Other conventions and regulations also followed e.g. the Ottawa Treaty or the Mine Ban
Treaty which bans all anti-personnel landmines. The Convention on Certain
Conventional Weapons, also known as the “Inhumane Weapons Convention” which ban
or restrict the use of specific types of weapons that are considered to cause unnecessary
or unjustifiable suffering to combatants or to affect civilians indiscriminately.

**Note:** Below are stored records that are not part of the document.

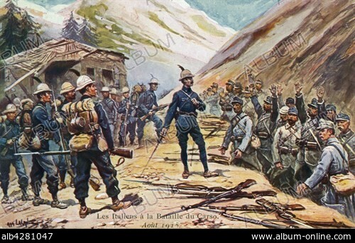 Caption: Postcard representing Italian troops (left) triumphing over the Austro-Hungarian army during the Second Battle of the Isonzo.. Illustration by Alphonse Lalauze.. August 3, 1915
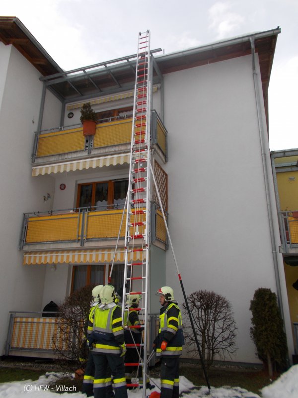 Da sich die Einsatzstelle in einem Hinterhof befand und mit der Leiter des KRF nicht das auslangen gefunden wurde mussten wir die dreiteilige Schiebeleiter des TLF 3 in Stellung bringen um die Taube zu retten.
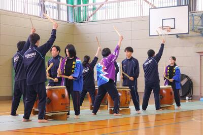 令和6年11月7日(木)に川高祭(文化祭)で披露した和太鼓演奏とよさこい演舞を、学校裏のディサービスから、おじいちゃん、おばあちゃん達を招待し、学校の体育館で再演しました。披露にあたりディサービスのみなさんから暖かい拍手をいただきました。とても喜んでいただけたと思います。
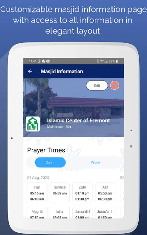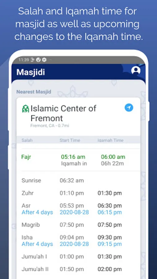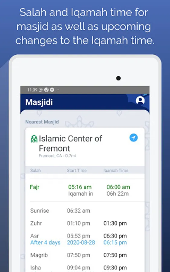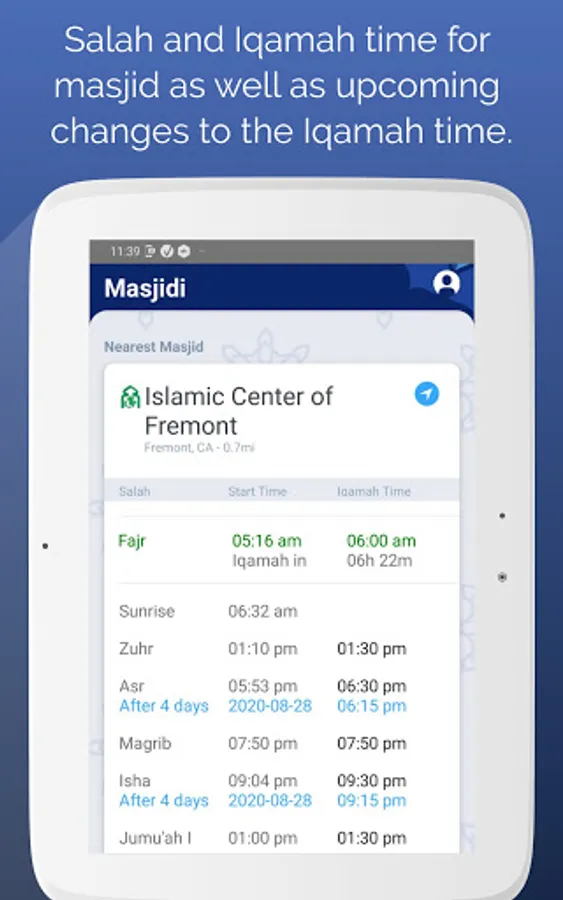 This application will provide the latest Salah times along with the Iqamah times for your local Masjid. Masjidi lists your Masjid's timings on your mobile device, giving you access to the latest Salah and Iqamah times.
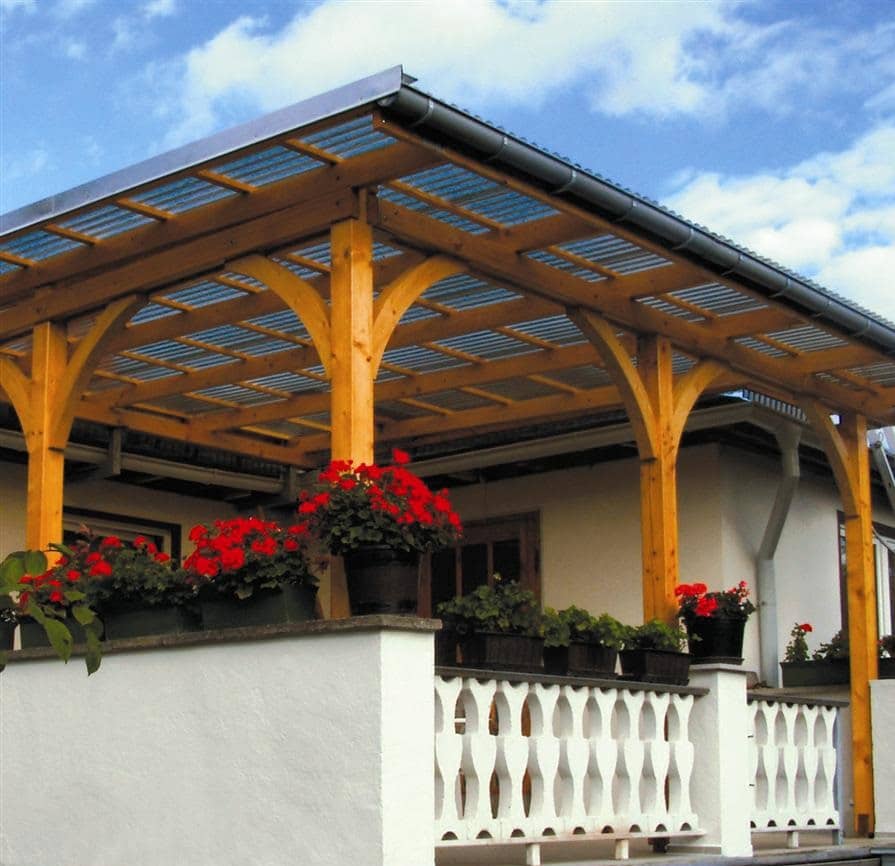 - Высокие эстетические свойства. Светопроницаемые материалы придают эффект легкости и ажурности любой конструкции. Применение этих материалов позволяет создавать неповторимые по своему стилю конструкции. Независимо от того, будет ли это веранда, навес или беседка, Прозрачные кровельные материалы придают неповторимость и стиль не только отдельным постройкам, но и всему участку в целом.
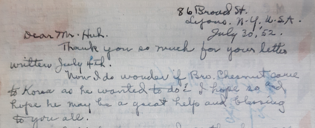 체스넛의 한국행은 미국에서 허홍에게 보낸 메리 C. 럼시의 편지에서도 포착된다. 럼시는 1952년 6월 18일에 허홍에게 보낸 편지에서 일본에 있던 “그 형제”가 한국의 선교사로 갔으면 좋겠다는 자신의 바람을 표현했다. 그리고 럼시는 최초로 남성 선교사가 한국에 가게 되는 것을 긍정적으로 보며 기대했다. 또한 럼시는 7월 30일에 허홍에게 보낸 편지에서 체스넛의 이름을 거론하고, 한국행을 자원한 체스넛이 한국에 도착했는지의 여부를 물었다.
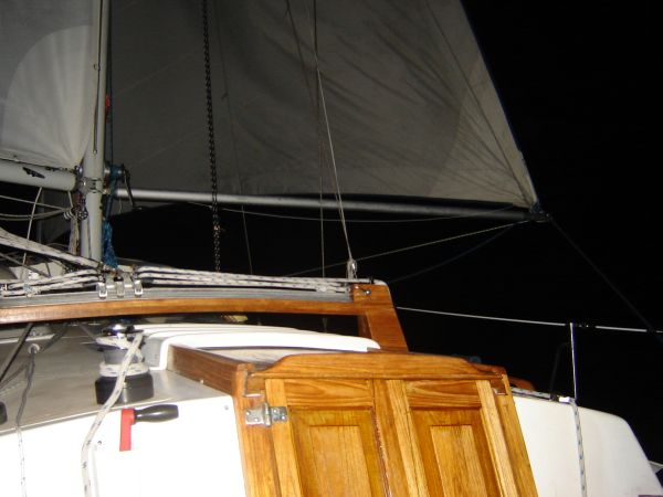 The watch was fairly easy; nothing difficult except trying to stay awake! The sea was relatively calm with slow swells and little wind chop. We traveled under headsail for about an hour before Sara took the wheel and hand-steered while Will poled out the 150% headsail. Under this sail configuration, with the main extended all the way out in the other direction, connected to the side toe-rail with a spare boom vang, the boat accelerated to ~5 knots and the sails quit flogging.

Regrettably with all theses laws and regulations in place we still see millions of innocent
civilians loosing their lives in violent conflicts (Congo, Ruwanda, Iraq, Darfur, The
Balkan are some reason examples)

The basic question we have to confront is that we have 2 scenarios. The first is to
continue to use nuclear weapons and other new technological warfare to settle our
differences with the prospect of more and more countries acquiring nuclear weapons and
other weapons of mass destruction since the technology is already out of the tube with the
odds that nuclear weapon and other WMD’s will be used intentionally or by
miscalculation is much higher. Under that scenario in the words of Rajiv Gandhi,
addressing the U.N. General Assembly in 1988,"Nuclear war will not mean the death of a
hundred million people. Or even a thousand million. It will mean the extinction of four
thousand million (the world population at that time): the end of life as we know it on our
planet earth.”
The second scenario is to do all what is in our power to prohibit the development or use
of nuclear weapons other WMD’s and inhumane weapons and understand that the route
to peace does not go through the use of force except in extreme cases and in accordance
with international laws as codified in the United Nation Charter.
Beside the fantastic advances we made in many aspect of our life through advances in
natural science (medicine, communication, technology etc.) we owe it to ourselves to
make similar advances in our social interaction by inter alias developing a system of
security that is equitable and inclusive and does not depend on who has the biggest
“club” but is based on human security and human solidarity.